Der Gedanke, der mir immer wieder kam, ist eine gewisse Abneigung gegen diese Gewalt gegen Unschuldige, die diese Filme so zelebrieren. Das Erhängen, die erstickten Kinder, die angedrohte Vergewaltigung, die Folterszenen, das alles kommt gefühlt in jedem dieser Filme vor und auch wenn es negativ geframt wird, baden die Filme für meinen Geschmack zu sehr darin. Es ist ein immer wieder zwiespältiges Gefühl, diese Action-Flixs aus Indien zu sehen. Denn da ist eine Faszination, die Hollywood mittelfristig gefährlich werden könnte. RRR hat gezeigt, dass mit etwas mehr Fokus, weniger Musik und etwas besser erzählter Liebesgeschichte ganz schnell ein international konkurrenzfähiges Produkt entstehen kann.

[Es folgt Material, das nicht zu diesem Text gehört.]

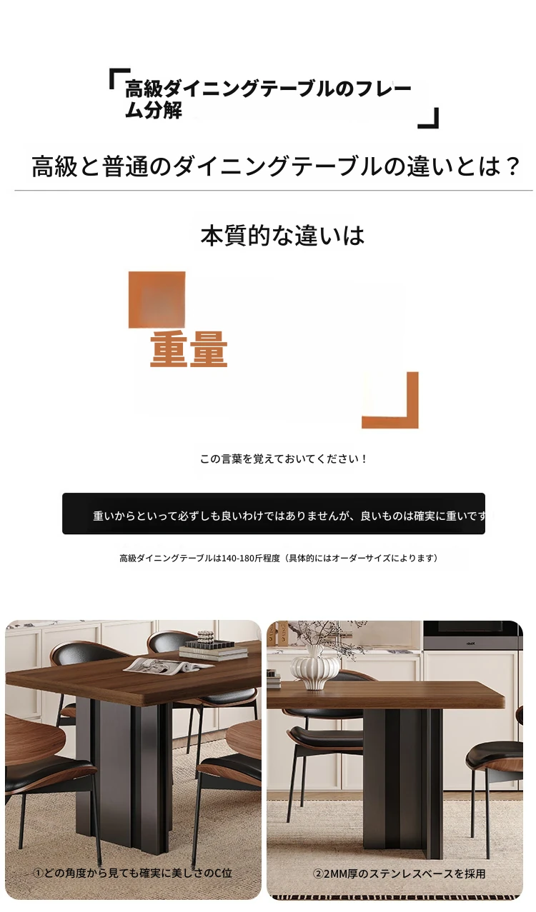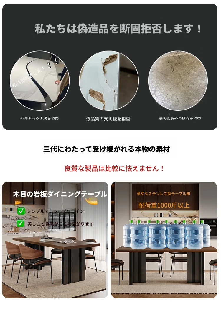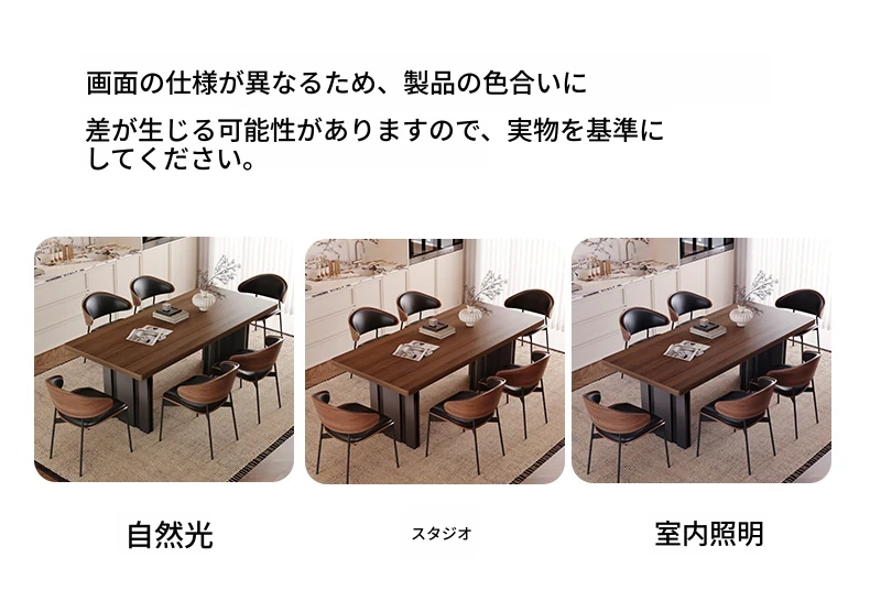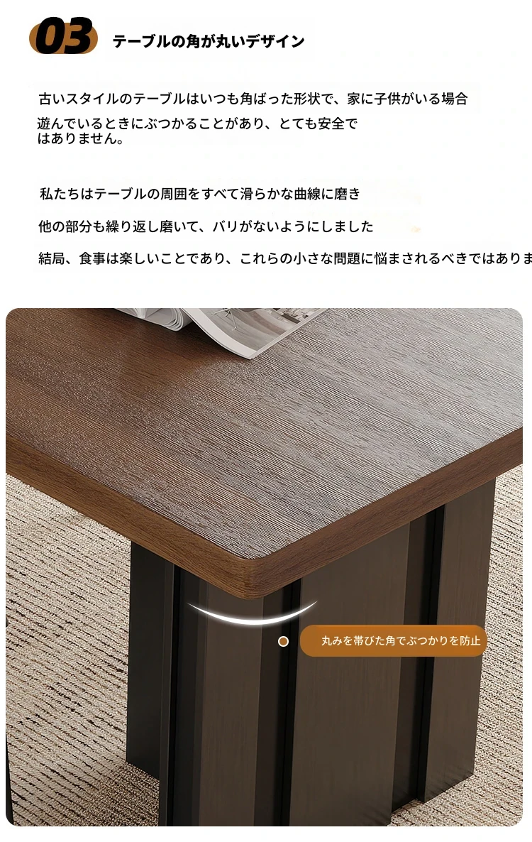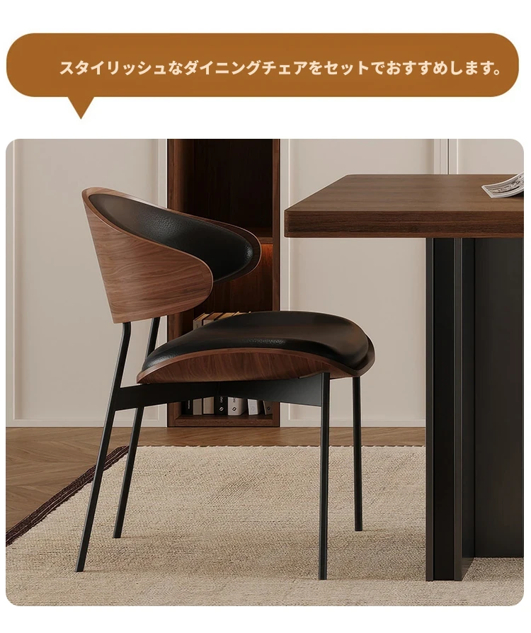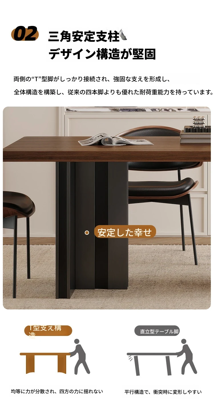 シンプルでモダンな侘寂スタイルのレトロな下掛けウォールナット色の厚手岩板ダイニングテーブルセット – 木目調の長方形デザインで、美しい食卓を演出!

Ich habe das Gefühl, dass diese Filme gar nicht mehr so weit davon entfernt sind, den „Mission: Impossibles" dieser Welt den Kinosaal streitig zu machen. Im Moment ist das aber noch zu unfokussiert, zumindest für mich…
Freaks Out ist ein italienischer Fantasyfilm von Gabriele Mainetti, wobei es sich um eine sehr historisch geerdete Fantasy handelt, die ein Alternate History Setting aufwirft. Was es gleichzeitig zu einem Weltkriegsdrama macht, mit allem, was dazu im faschistischen Italien gehört. Es geht dabei um vier „Freaks“, Menschen mit besonderen Fähigkeiten und besonderem Aussehen, die in ihren Fähigkeiten irgendwo zwischen Superhelden und Kleinkünstlern rangieren. Sie werden unfreiwillig in die Wirren des Krieges gerissen und müssen dann mit einer Art faschistischem Gegenstück ihrer selbst kämpfen.
Das ist viel einfacher im Film, als es hier klingt, im Grunde ist es ein Blockbuster Konzept, das mit typisch italienischen Elementen aufgehübscht ist. Es ergibt sich so eine Mischung aus Inglourious Basterds und Pinocchio, dass mit Satire und abstrusen Humor spielt, und doch ein ernstes Drama ist. Genau das macht den Film dann auch interessant. Er spielt mit so vielen Elementen und etabliert dabei neue und unerwartete Bilder, ganz speziell in seinem Umgang mit dem Faschismus, der, ganz ohne beteiligte Italiener, als deutsche Lächerlichkeit, mit ernsten Auswirkungen und großer Brutalität präsentiert wird.
Davon abgesehen aber wird eine simple Superhelden Story erzählt, die leider durch und durch vorhersehbar ist aber seine Handlungselemente immer wieder als große und zeitaufwendige Kraftakte präsentiert, in denen minutenlang irgendeine weitere Stufe einer Fähigkeit hervorgezaubert wird. Das ist vor allem in seiner Repetition etwas ermüdend, man hat den Dreh dann schon irgendwann raus und weiß das die von Aurora Giovinazzo gespielte Matilde, diese Tür schon aufbekommen wird, aber dass man eben noch fünf Minuten dabei zusehen muss, bis sie ihre Kräfte gesammelt hat.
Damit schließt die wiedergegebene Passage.